*PROMPT*. An exact copy of the listing is required, with its pictures removed.

*RAW DATA*.
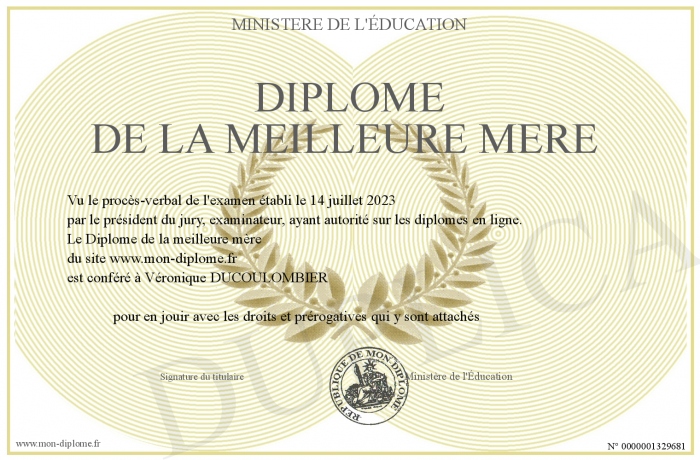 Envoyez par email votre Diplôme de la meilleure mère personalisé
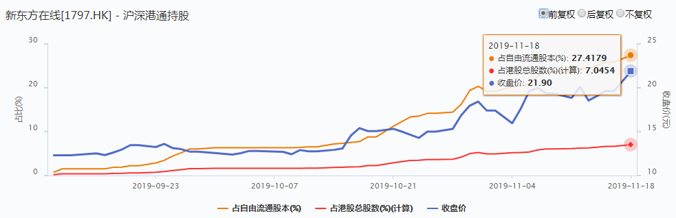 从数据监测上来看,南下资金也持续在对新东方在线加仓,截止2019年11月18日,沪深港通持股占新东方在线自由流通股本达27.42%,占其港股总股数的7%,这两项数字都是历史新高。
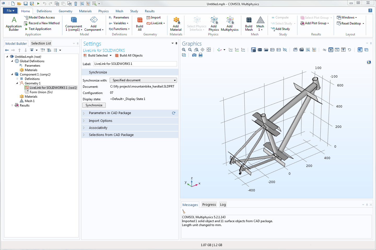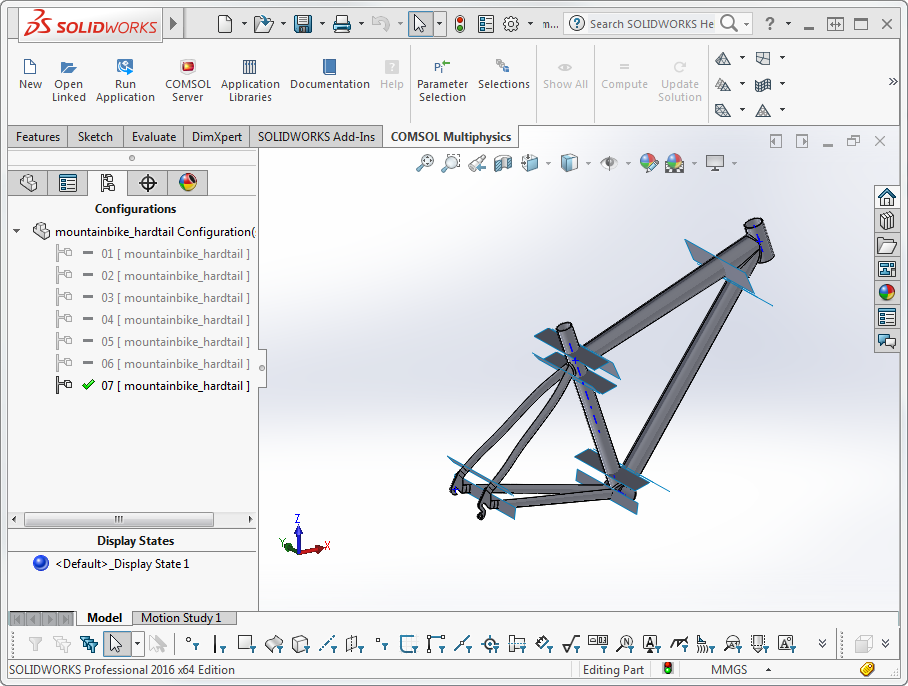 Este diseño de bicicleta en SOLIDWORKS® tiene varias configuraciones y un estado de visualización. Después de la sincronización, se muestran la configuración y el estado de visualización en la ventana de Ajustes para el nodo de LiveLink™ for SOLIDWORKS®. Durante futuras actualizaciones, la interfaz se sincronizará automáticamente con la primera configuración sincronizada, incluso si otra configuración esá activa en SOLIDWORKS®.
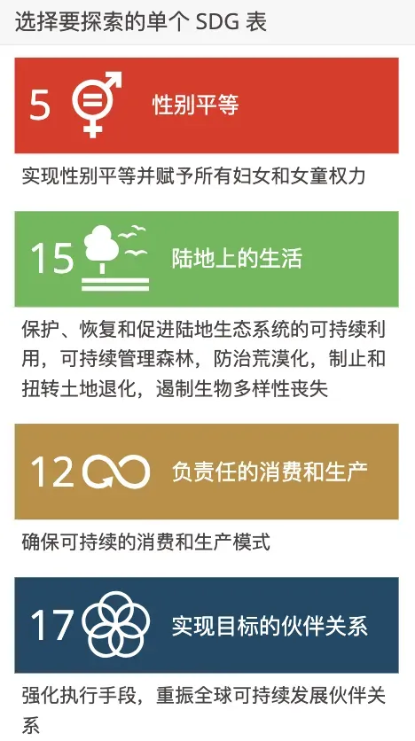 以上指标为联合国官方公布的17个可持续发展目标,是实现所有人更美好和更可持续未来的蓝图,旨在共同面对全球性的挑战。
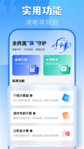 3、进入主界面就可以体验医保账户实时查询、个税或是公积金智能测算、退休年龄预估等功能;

*WRITTEN ANSWER*.
 Envoyez par email votre Diplôme de la meilleure mère personalisé
 从数据监测上来看,南下资金也持续在对新东方在线加仓,截止2019年11月18日,沪深港通持股占新东方在线自由流通股本达27.42%,占其港股总股数的7%,这两项数字都是历史新高。
 Este diseño de bicicleta en SOLIDWORKS® tiene varias configuraciones y un estado de visualización. Después de la sincronización, se muestran la configuración y el estado de visualización en la ventana de Ajustes para el nodo de LiveLink™ for SOLIDWORKS®. Durante futuras actualizaciones, la interfaz se sincronizará automáticamente con la primera configuración sincronizada, incluso si otra configuración esá activa en SOLIDWORKS®.
 以上指标为联合国官方公布的17个可持续发展目标,是实现所有人更美好和更可持续未来的蓝图,旨在共同面对全球性的挑战。
 3、进入主界面就可以体验医保账户实时查询、个税或是公积金智能测算、退休年龄预估等功能;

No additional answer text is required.